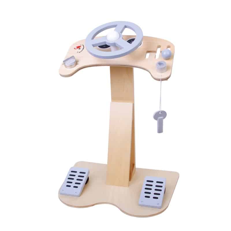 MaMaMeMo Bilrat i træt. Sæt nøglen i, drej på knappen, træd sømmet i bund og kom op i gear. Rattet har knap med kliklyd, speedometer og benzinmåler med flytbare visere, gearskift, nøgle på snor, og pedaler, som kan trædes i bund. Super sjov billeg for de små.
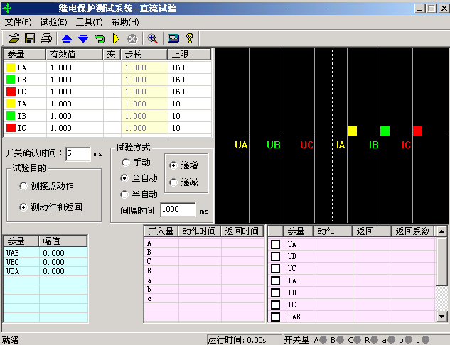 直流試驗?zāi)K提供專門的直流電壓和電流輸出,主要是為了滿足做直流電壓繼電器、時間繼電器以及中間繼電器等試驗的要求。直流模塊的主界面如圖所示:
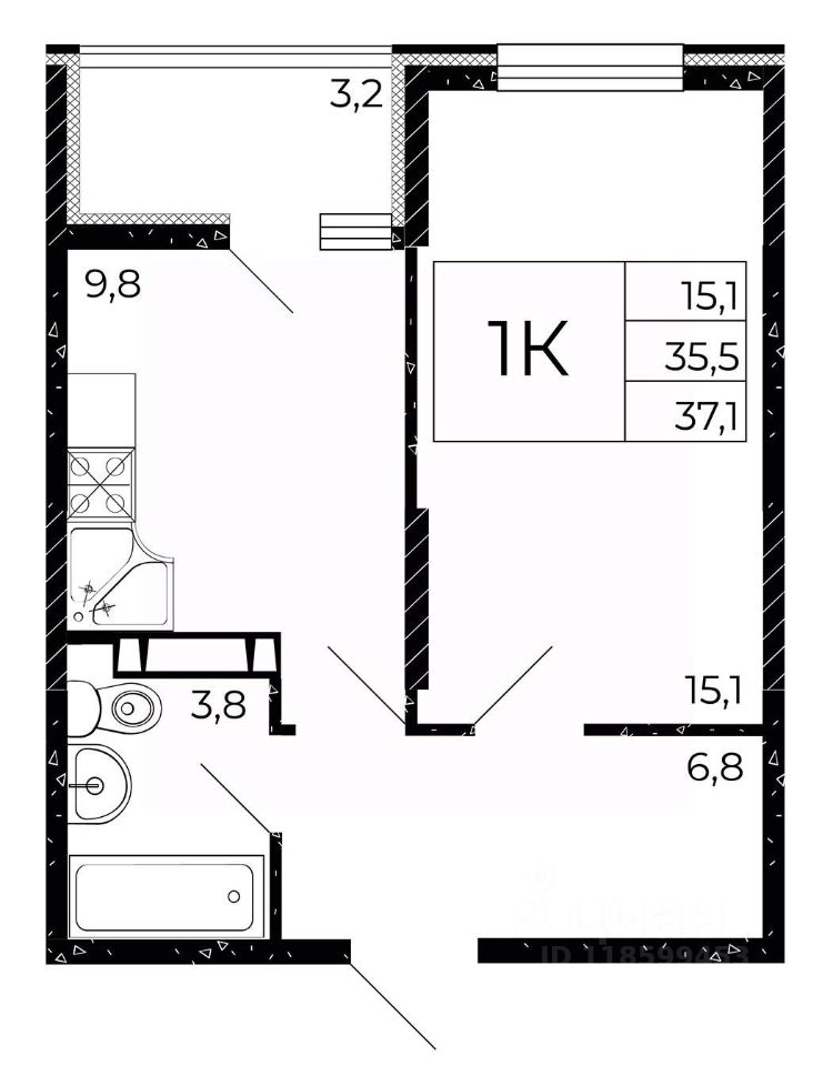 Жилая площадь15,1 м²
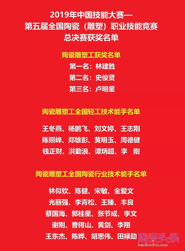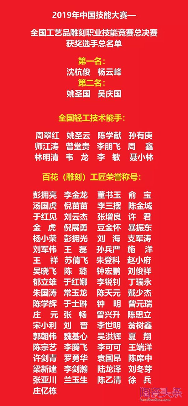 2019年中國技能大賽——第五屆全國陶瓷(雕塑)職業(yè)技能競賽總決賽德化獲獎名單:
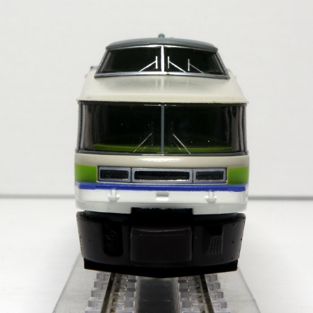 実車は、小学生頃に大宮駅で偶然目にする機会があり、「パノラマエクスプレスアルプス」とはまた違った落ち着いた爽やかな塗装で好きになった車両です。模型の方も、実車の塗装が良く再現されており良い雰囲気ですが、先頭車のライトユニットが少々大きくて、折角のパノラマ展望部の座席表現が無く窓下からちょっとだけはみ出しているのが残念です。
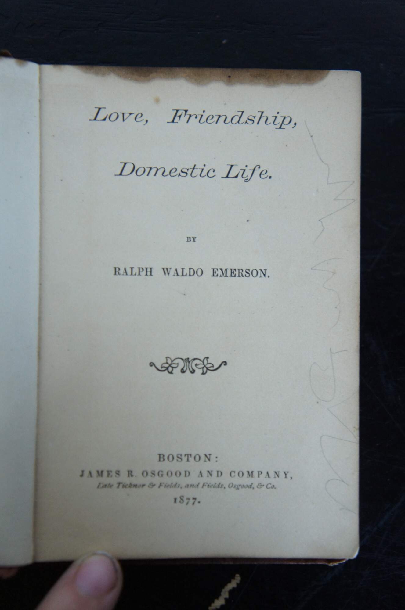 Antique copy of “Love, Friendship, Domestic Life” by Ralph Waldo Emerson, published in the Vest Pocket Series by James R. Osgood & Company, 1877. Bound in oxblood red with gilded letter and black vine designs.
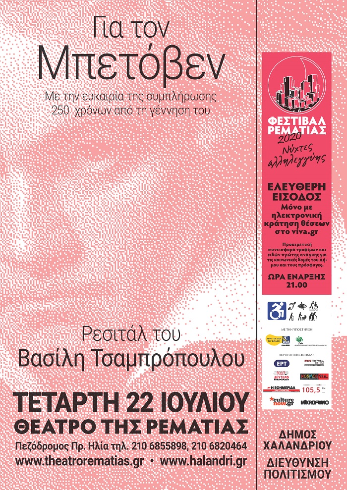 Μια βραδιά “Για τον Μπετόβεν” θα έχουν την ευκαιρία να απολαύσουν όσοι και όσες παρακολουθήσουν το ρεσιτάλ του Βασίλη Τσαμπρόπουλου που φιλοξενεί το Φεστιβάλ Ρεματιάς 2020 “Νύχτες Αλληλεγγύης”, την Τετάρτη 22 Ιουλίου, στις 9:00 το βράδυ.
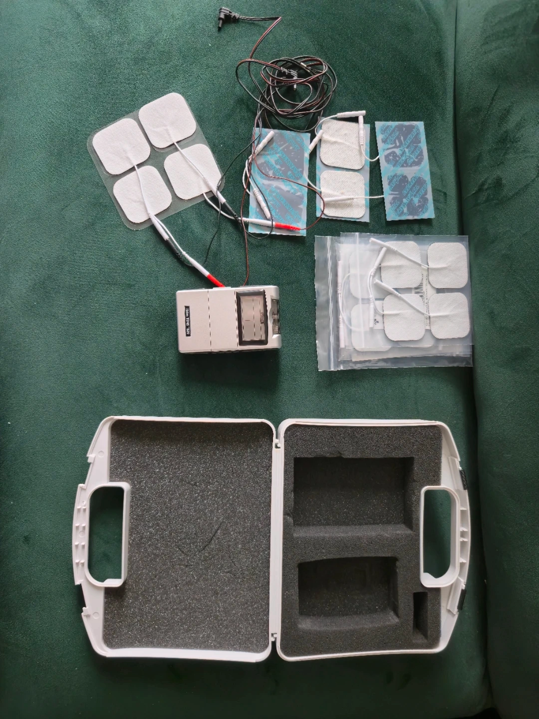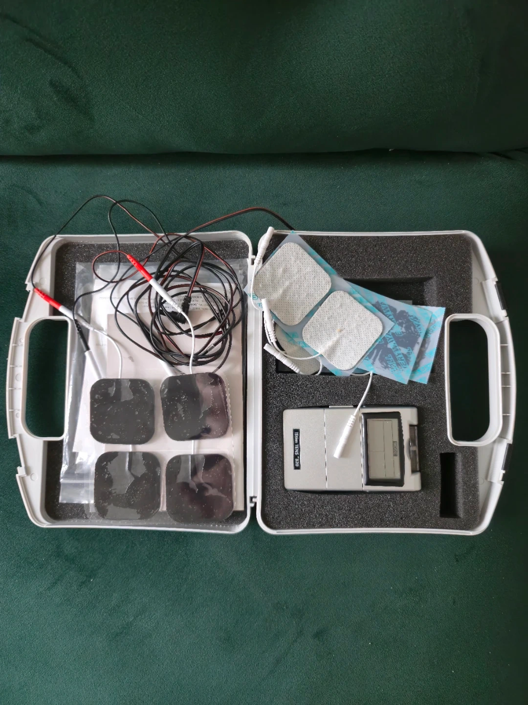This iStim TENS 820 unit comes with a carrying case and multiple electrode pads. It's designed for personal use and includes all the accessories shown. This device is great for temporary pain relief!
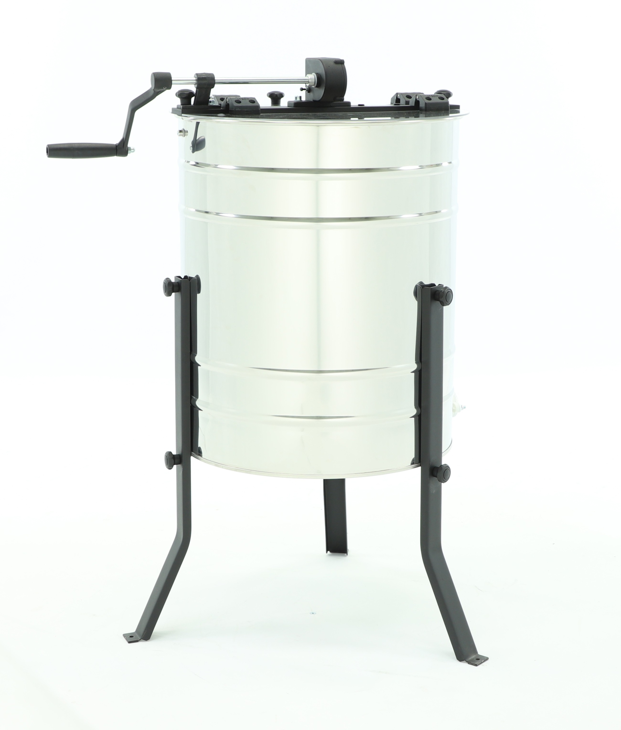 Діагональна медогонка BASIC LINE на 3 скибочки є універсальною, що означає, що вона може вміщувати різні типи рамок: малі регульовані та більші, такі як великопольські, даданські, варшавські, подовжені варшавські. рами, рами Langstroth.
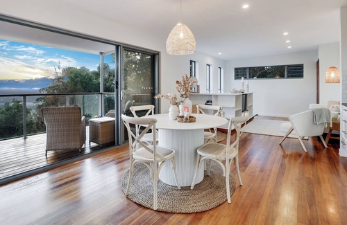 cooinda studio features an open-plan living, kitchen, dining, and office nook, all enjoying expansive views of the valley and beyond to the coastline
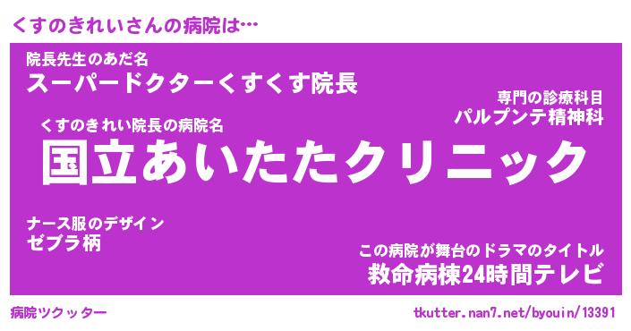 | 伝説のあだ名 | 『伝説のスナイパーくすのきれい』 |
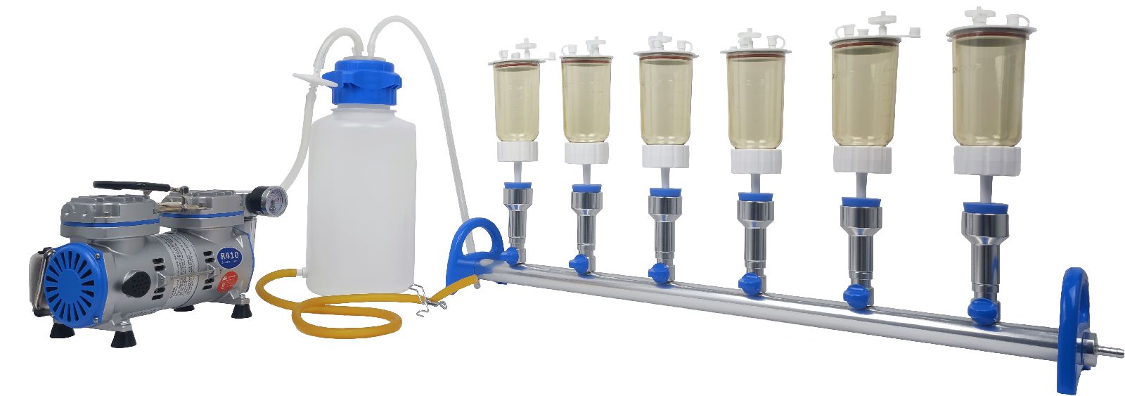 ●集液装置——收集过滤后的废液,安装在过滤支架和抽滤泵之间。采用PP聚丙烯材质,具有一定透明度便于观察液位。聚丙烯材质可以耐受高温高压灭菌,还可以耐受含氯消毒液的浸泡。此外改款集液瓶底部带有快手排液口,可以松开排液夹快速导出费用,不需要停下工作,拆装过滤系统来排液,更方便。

---

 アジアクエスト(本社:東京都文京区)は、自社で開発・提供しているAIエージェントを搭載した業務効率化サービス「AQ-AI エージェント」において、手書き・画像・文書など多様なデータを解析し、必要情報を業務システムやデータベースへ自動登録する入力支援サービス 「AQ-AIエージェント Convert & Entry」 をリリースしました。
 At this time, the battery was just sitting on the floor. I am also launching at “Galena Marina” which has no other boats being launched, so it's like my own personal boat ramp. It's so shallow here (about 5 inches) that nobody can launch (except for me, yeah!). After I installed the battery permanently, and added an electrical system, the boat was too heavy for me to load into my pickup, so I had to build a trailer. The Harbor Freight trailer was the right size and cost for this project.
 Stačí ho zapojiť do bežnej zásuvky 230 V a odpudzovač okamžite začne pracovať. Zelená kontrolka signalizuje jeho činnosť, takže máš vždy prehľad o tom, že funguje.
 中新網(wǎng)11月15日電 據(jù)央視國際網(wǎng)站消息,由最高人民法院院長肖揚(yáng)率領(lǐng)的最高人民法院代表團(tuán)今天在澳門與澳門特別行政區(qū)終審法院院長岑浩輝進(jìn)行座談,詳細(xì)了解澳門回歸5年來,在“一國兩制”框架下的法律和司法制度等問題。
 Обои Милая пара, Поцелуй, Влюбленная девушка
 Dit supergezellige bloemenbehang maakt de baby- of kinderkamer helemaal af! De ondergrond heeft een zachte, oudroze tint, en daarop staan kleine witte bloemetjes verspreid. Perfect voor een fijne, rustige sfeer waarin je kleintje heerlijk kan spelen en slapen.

## Task objective
Please transcribe exactly the lines above from the line that has "Stačí ho zapojiť" up to and including the line that has "Dit supergezellige bloemenbehang"; no other line belongs in the answer.

## Your response
 Stačí ho zapojiť do bežnej zásuvky 230 V a odpudzovač okamžite začne pracovať. Zelená kontrolka signalizuje jeho činnosť, takže máš vždy prehľad o tom, že funguje.
 中新網(wǎng)11月15日電 據(jù)央視國際網(wǎng)站消息,由最高人民法院院長肖揚(yáng)率領(lǐng)的最高人民法院代表團(tuán)今天在澳門與澳門特別行政區(qū)終審法院院長岑浩輝進(jìn)行座談,詳細(xì)了解澳門回歸5年來,在“一國兩制”框架下的法律和司法制度等問題。
 Обои Милая пара, Поцелуй, Влюбленная девушка
 Dit supergezellige bloemenbehang maakt de baby- of kinderkamer helemaal af! De ondergrond heeft een zachte, oudroze tint, en daarop staan kleine witte bloemetjes verspreid. Perfect voor een fijne, rustige sfeer waarin je kleintje heerlijk kan spelen en slapen.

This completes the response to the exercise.